Check if the denominator is zero before dividing. This avoids the overhead of catching the exception, which may be more efficient if you expect to be dividing by zero a lot.

在除法之前检查分母是否为零。这避免了捕获异常的开销，如果您希望除以零很多，这可能会更有效。

def weird_division(n, d):
    return n / d if d else 0

You can use a try/exceptblock for this.

您可以为此使用try/except块。

def foo(x,y):
    try:
        return x/y
    except ZeroDivisionError:
        return 0

>>> foo(5,0)
0

>>> foo(6,2)
3.0

I think tryexcept(as in Cyber's answer) is usually the best way (and more pythonic: better to ask forgiveness than to ask permission!), but here's another:

我认为tryexcept（如 Cyber​​ 的回答）通常是最好的方法（而且更像是 Python 语言：请求宽恕比请求许可更好！），但这是另一个：

def safe_div(x,y):
    if y == 0:
        return 0
    return x / y

One argument in favor of doing it this way, though, is if you expect ZeroDivisionErrors to happen often, checking for 0 denominator ahead of time will be a lot faster (this is python 3):

不过，支持这样做的一个论点是，如果您希望ZeroDivisionErrors 经常发生，那么提前检查 0 分母会快得多（这是 python 3）：

import time

def timing(func):
    def wrap(f):
        time1 = time.time()
        ret = func(f)
        time2 = time.time()
        print('%s function took %0.3f ms' % (f.__name__, int((time2-time1)*1000.0)))
        return ret
    return wrap

def safe_div(x,y):
    if y==0: return 0
    return x/y

def try_div(x,y):
    try: return x/y
    except ZeroDivisionError: return 0

@timing
def test_many_errors(f):
    print("Results for lots of caught errors:")
    for i in range(1000000):
        f(i,0)

@timing
def test_few_errors(f):
    print("Results for no caught errors:")
    for i in range(1000000):
        f(i,1)

test_many_errors(safe_div)
test_many_errors(try_div)
test_few_errors(safe_div)
test_few_errors(try_div)

Output:

输出：

Results for lots of caught errors:
safe_div function took 185.000 ms
Results for lots of caught errors:
try_div function took 727.000 ms
Results for no caught errors:
safe_div function took 223.000 ms
Results for no caught errors:
try_div function took 205.000 ms

So using tryexceptturns out to be 3 to 4 times slower for lots of (or really, all) errors; that is: it is 3 to 4 times slower for iterations that an error is caught. The version using the ifstatement turns out to be slightly slower (10% or so) when there are few (or really, no) errors.

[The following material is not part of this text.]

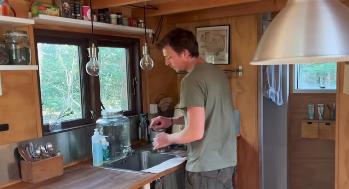 Не крие дека самодоволноста не е лесна, но му дава силно чувство на смисла и контрола над својот живот. Една од најголемите промени во неговата секојдневие се однесува на користењето на вода. Не се потпира на класичен водовод, туку пие, готви и се капе со дождовница. Водата ја собира, ја филтрира и дополнително ја прочистува пред употреба, а целиот систем го дизајнирал така што е безбеден и одржлив.
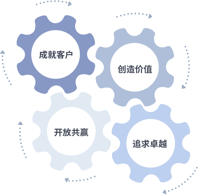 成就客户是一切决策的出发点,创造价值是衡量所有工作的标准,追求卓越是南宫28做事做人的态度,开放共赢是南宫28的格局也是最终的结果。价值观的齿轮环环相扣,推动着组织里的每个人不断向前。

因此，tryexcept对于许多（或实际上是所有）错误，使用结果会慢 3 到 4 倍；也就是说：捕获错误的迭代速度要慢 3 到 4 倍。if当错误很少（或实际上没有）时，使用该语句的版本会稍微慢一些（10% 左右）。

def foo(x, y):
    return 0 if y == 0 else x / y

You can have a look to operator overload (https://docs.python.org/2/library/operator.html) if it's ok to wrap your integer in a new class. Then just check if y is 0 return 0 and x/y otherwise.

如果可以将整数包装在新类中，您可以查看运算符重载 ( https://docs.python.org/2/library/operator.html)。然后只需检查 y 是否为 0 返回 0，否则返回 x/y。

I think if you don't want to face Zer0DivErrr, you haven't got to wait for it or go through it by using try-except expression. The quicker way is to jump over it by making your code simply not to do division when denominator becomes zero:

我想如果你不想面对 Zer0DivErrr，你不必等待它或通过使用 try-except 表达式来完成它。更快的方法是跳过它，让您的代码在分母变为零时简单地不进行除法：

(if Y Z=X/Y else Z=0)

You can use the following :

您可以使用以下内容：

x=0,y=0
print (y/(x or not x))

Output:

输出：

>>>x=0
>>>y=0
>>>print(y/(x or not x))
0.0
>>>x =1000
>>>print(y/(x or not x))
0.000999000999000999

not x will be false if x is not equal to 0, so at that time it divides with actual x.

如果 x 不等于 0，则 not x 将是假的，因此此时它与实际 x 相除。